Paris published guidelines on enforcing European Union (EU) regulations on produce from the West Bank, including annexed east Jerusalem, which the international community considers occupied Palestinian land, and the Golan Heights, which Israel seized from Syria in 1967.
The EU ruled that products from Israeli settlements should be clearly labelled a year ago, but France is the first member state to enforce the decision, which sparked a diplomatic crisis with Israel at the time.
An advisory notice on the French Government website said: "Under international law the Golan Heights and the West Bank, including east Jerusalem, are not part of Israel."
It said labelling goods simply as "from the West Bank" or "from Golan Heights" without providing more details is "not acceptable". Instead goods must be clearly marked as coming from an "Israeli settlement," when that is the case, to avoid "the risk of misleading the consumer".
The Israeli Foreign Ministry responded by saying it "regrets that France, which actually has a law against boycotts, is advancing measures that can be interpreted as encouraging radical elements and the movement to boycott Israel".
It accused France of a "double standard" by focusing on Israel and "ignoring the other 200 territorial disputes around the world", the Local reported.
In November 2015, the EU infuriated Israel by adopting a motion declaring that products from settlements would have to be labelled as such across the bloc. The country suspended some co-operation with the union and a minister called the decision "disguised anti-Semitism".
European diplomats admitted in private that the strength of the Israeli response made many member states wary of issuing their own specific guidelines, the Local reported.
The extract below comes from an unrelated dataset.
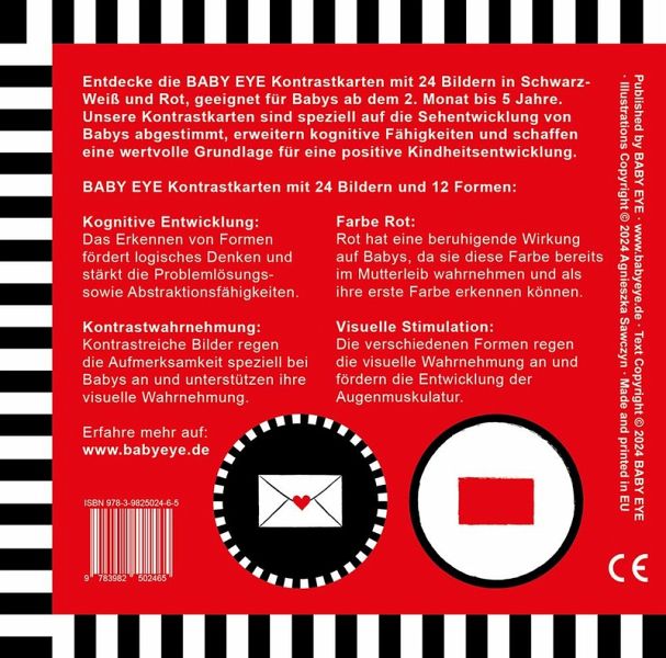 Entdecke die BABY EYE Kontrastkarten mit 24 Bildern in Schwarz-Weiß und Rot, geeignet für Babys ab dem 2. Monat bis 5 Jahre. Unsere Kontrastkarten sind speziell auf die Sehentwicklung von Babys abgestimmt, erweitern kognitive Fähigkeiten und schaffen eine wertvolle Grundlage für eine positive Kindheitsentwicklung. Jedes Bild hat einen Rand, der besonders wichtig für die Fokussierung ist.Kognitive Entwicklung: Das Erkennen von Formen fördert logisches Denken und stärkt die Problemlösungs- sowie Abstraktionsfähigkeiten.Kontrastwahrnehmung: Kontrastreiche Bilder regen die Aufmerksamkeit speziell bei Babys an und unterstützen ihre visuelle Wahrnehmung.Farbe Rot: Rot hat eine beruhigende Wirkung auf Babys, da sie diese Farbe bereits im Mutterleib wahrnehmen und als ihre erste Farbe erkennen können.Visuelle Stimulation: Die verschiedenen Formen regen die visuelle Wahrnehmung an und fördern die Entwicklung der Augenmuskulatur.Alle BABY EYE Kontrastkarten und Kontrastbücher werden in Europa gedruckt, sind schadstofffrei und robust.Gedruckt in der EU, hergestellt aus stabilem Karton. Spezielle, schützende Beschichtung. Schadstofffrei, nachhaltig und robust.

Hugh Lovatt, Israel coordinator at the European Council on Foreign Relations think tank, told the news site France was the first member state to act on the EU decision.
Mr Lovatt said France's frustration in recent months at Israel's refusal to attend a Paris-led peace conference, together with Israel's continued expansion of the settlements, could have motivated the move.
He added there had also been concerted action by French civil society and lawmakers.
"The question is whether other member states follow the French example," he said. "EU states tend to act like a herd so yesterday's move may lead others to follow suit."
The guidelines come after Paris attempted to organise an international peace conference, in a bid to kickstart the Israeli-Palestinian peace process, which stalled in early 2014.
Israel refused to take part, saying an agreement should only be negotiated bilaterally between the two sides.